Spectral Logit Sculpting: Adaptive Low-Rank Logit Transformation for Controlled Text Generation
Jin Li, Zhebo Wang, Tianliang Lu, Mohan Li, Wenpeng Xing, Meng Han
TL;DR
Spectral Logit Sculpting (SLS) introduces an inference-time, parameter-free approach to sharpen LLM output distributions by maintaining a sliding buffer of top-$K$ logits, performing data-centered SVD to extract dominant spectral directions, and adaptively rescaling logits based on entropy and logit gaps. Activation of the spectral update is conditional on high uncertainty, reducing unnecessary computation while preserving contextual coherence. Empirical results across mathematics, coding, and science benchmarks show SLS outperforms entropy-minimization baselines and self-consistency methods on both base and math-tuned Qwen models, with notable gains in Math500, AMC, LeetCode, and UGPhysics.
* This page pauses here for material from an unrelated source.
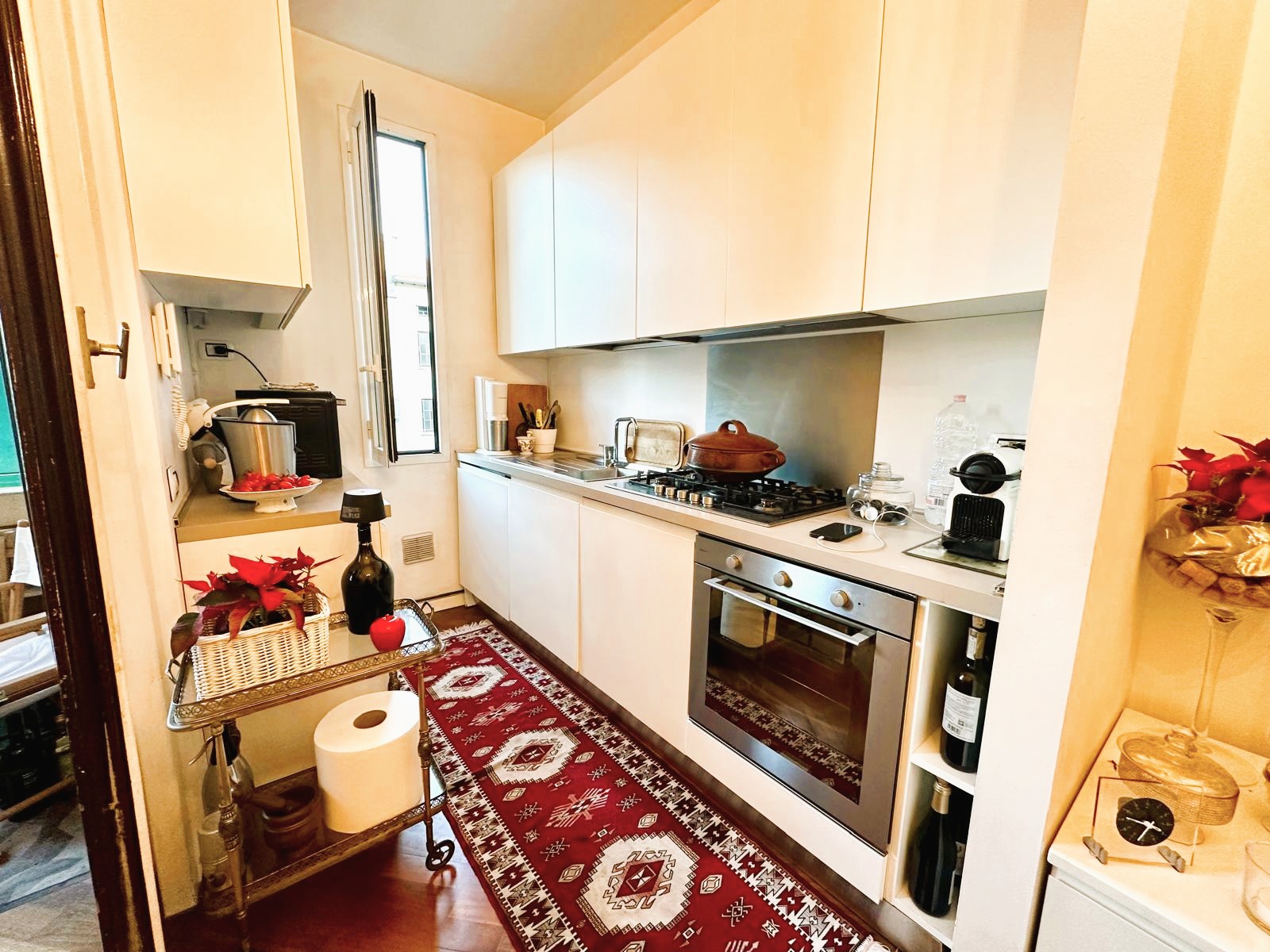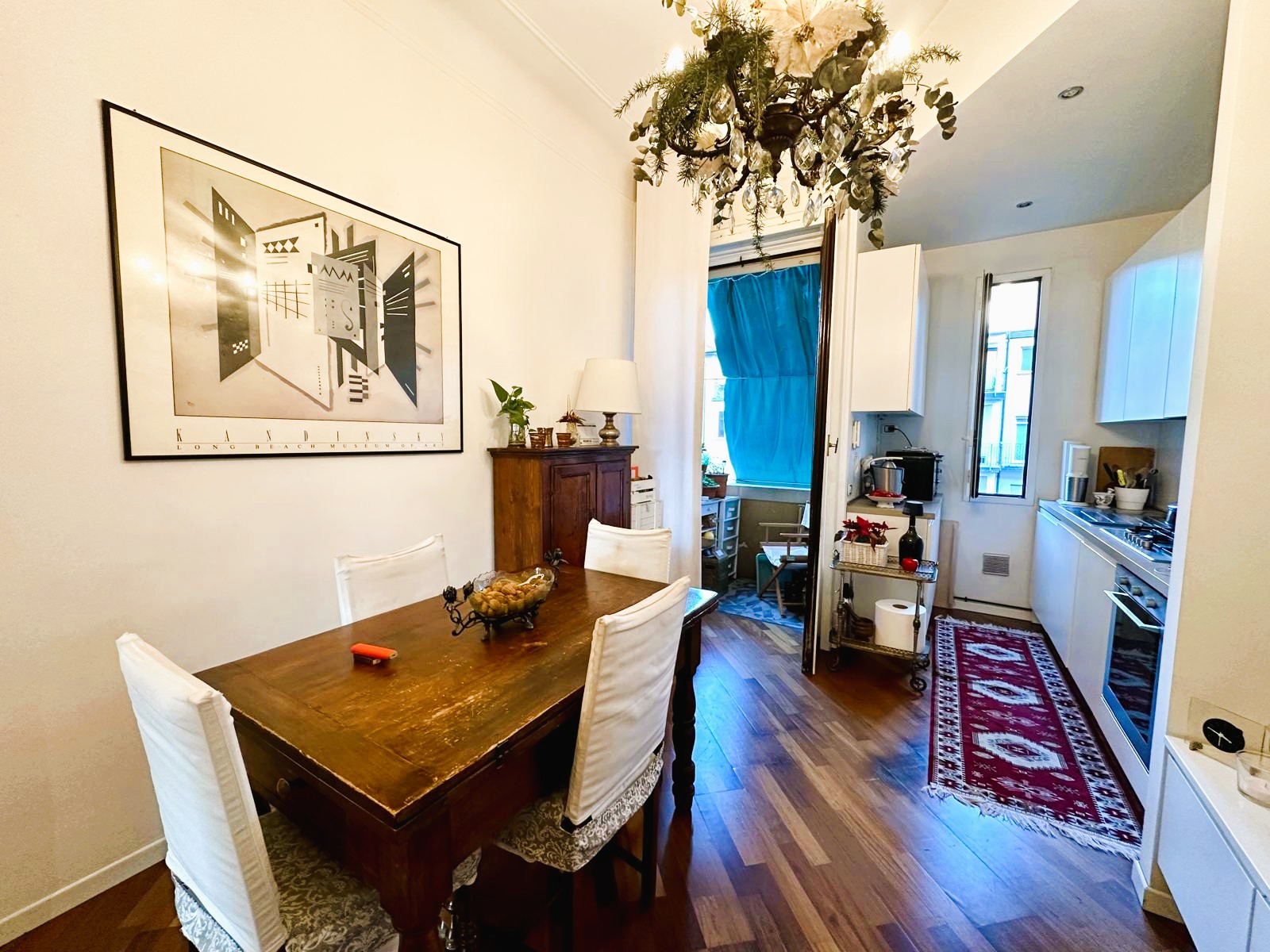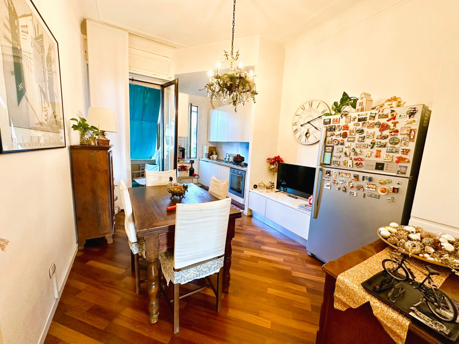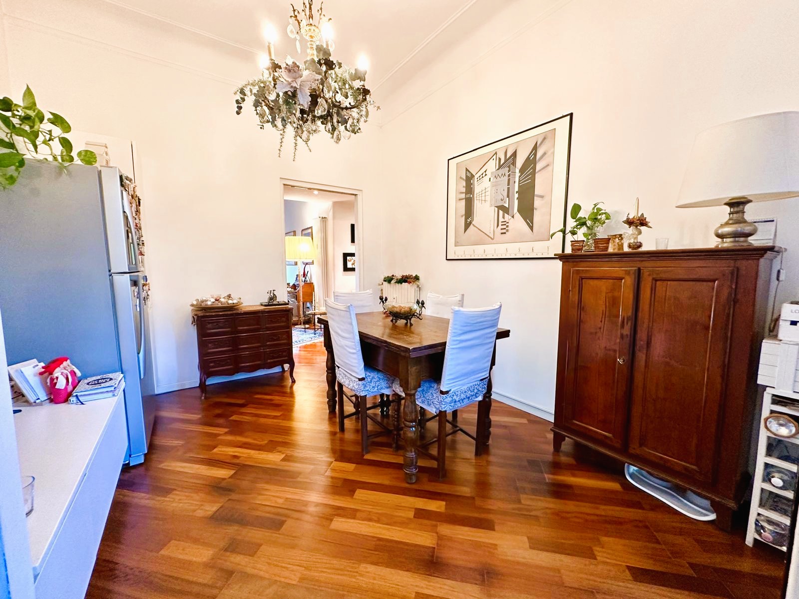 L’appartamento è composto da due ingressi, soggiorno, ampia cucina abitabile, 2 camere, doppi servizi, ripostiglio e 4 balconi; completa la proprietà un solaio di pertinenza. L’immobile presenta pavimenti in parquet ovunque tipo “doussiè”, porte interne in legno, infissi esterni originali in legno in buono stato manutentivo. Il riscaldamento è centralizzato a radiatori – con termovalvole e contabilizzatori per il consumo – tramite teleriscaldamento.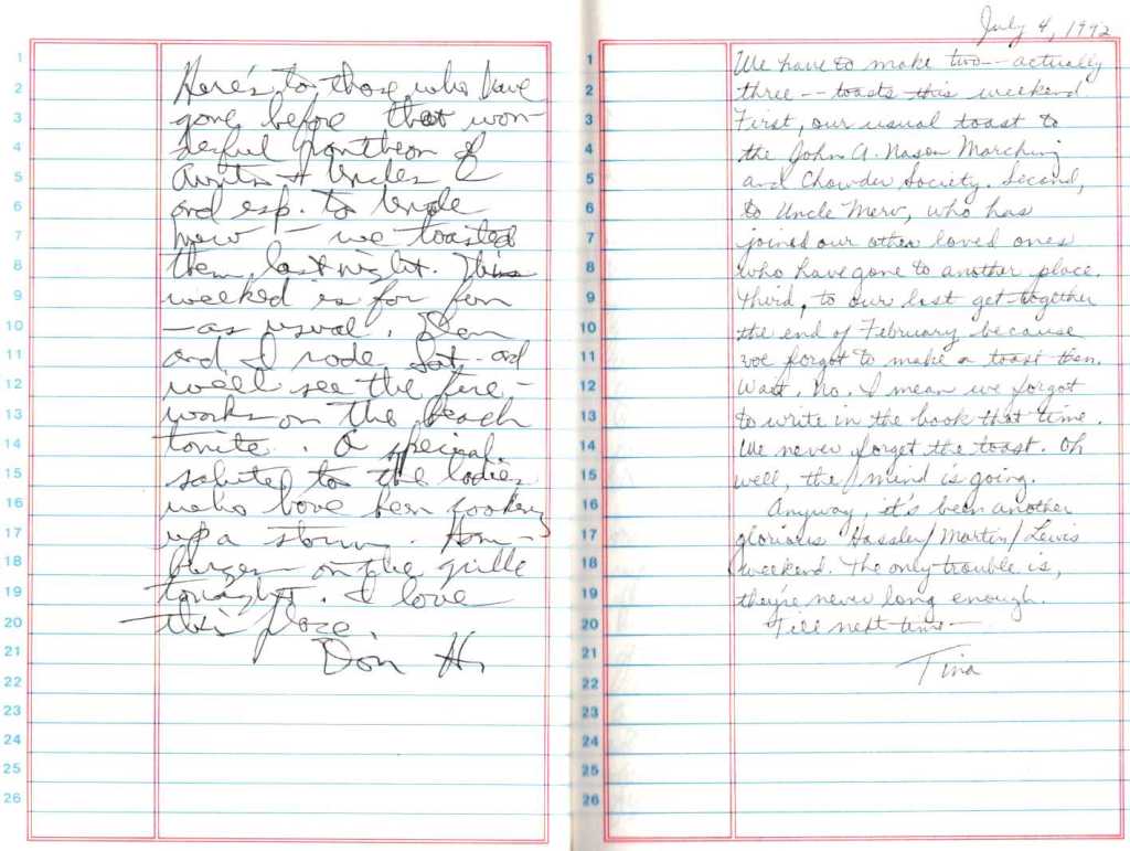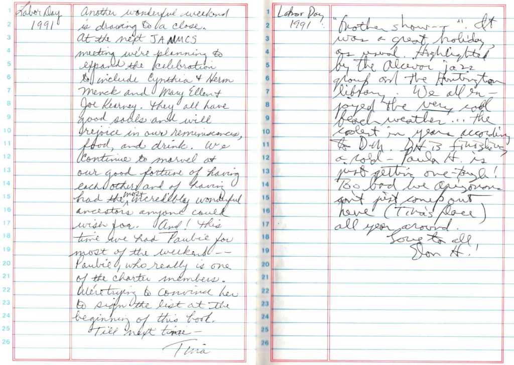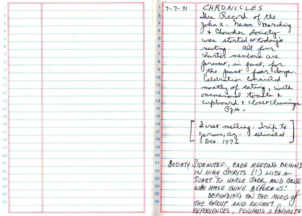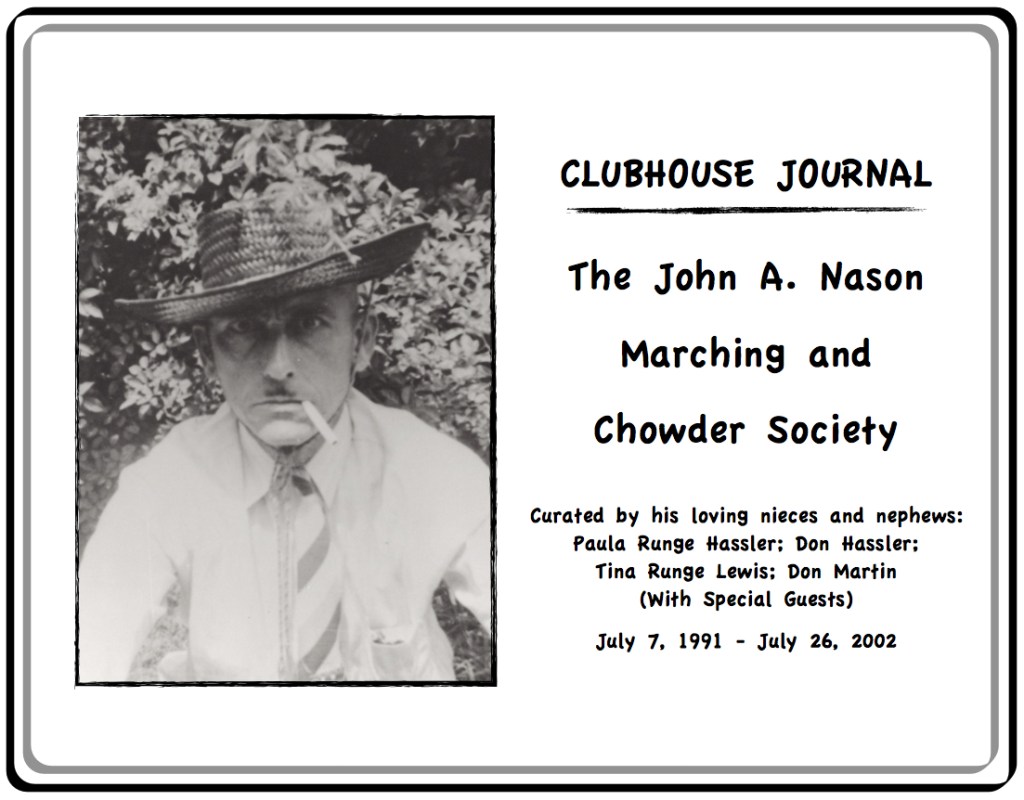 On July 7, 1991, in my apartment in Marina del Rey, Don Martin, Tina Lewis, Don Hassler, and Paula Hassler, signed as charter members of the John A. Nason Marching & Chowder Society. The first meeting was held in memory of Bill Irving, Jack Nason, Melvin Leahy, Ella Runge, Warren Taylor, Martin Runge, Martha Martin, Marie Leahy, Merwin Martin. I’m not sure why they were listed in that order; perhaps in the order of when they died.

This method offers a practically scalable decoding enhancement with minimal overhead and no parameter updates, making it well-suited for large-scale deployment; future work will explore theoretical foundations and multimodal extensions.
Abstract
Entropy-based inference methods have gained traction for improving the reliability of Large Language Models (LLMs). However, many existing approaches, such as entropy minimization techniques, suffer from high computational overhead and fail to leverage historical token context effectively. To address these limitations, we propose Spectral Logit Sculpting (SLS), a lightweight inference-time optimization method that dynamically modulates token distributions using spectral and entropic properties of recent logits. SLS maintains a sliding buffer of top-K logits, performs on-the-fly Singular Value Decomposition (SVD) to identify dominant spectral directions, and adaptively rescales logits based on both entropy and logit gap statistics--only activating when uncertainty is high. Without updating any model parameters, SLS effectively sharpens the output distribution while preserving contextual consistency. Experimental results on multiple public benchmarks demonstrate that SLS consistently outperforms existing baseline methods, achieving superior accuracy in mathematical, coding, and scientific reasoning tasks.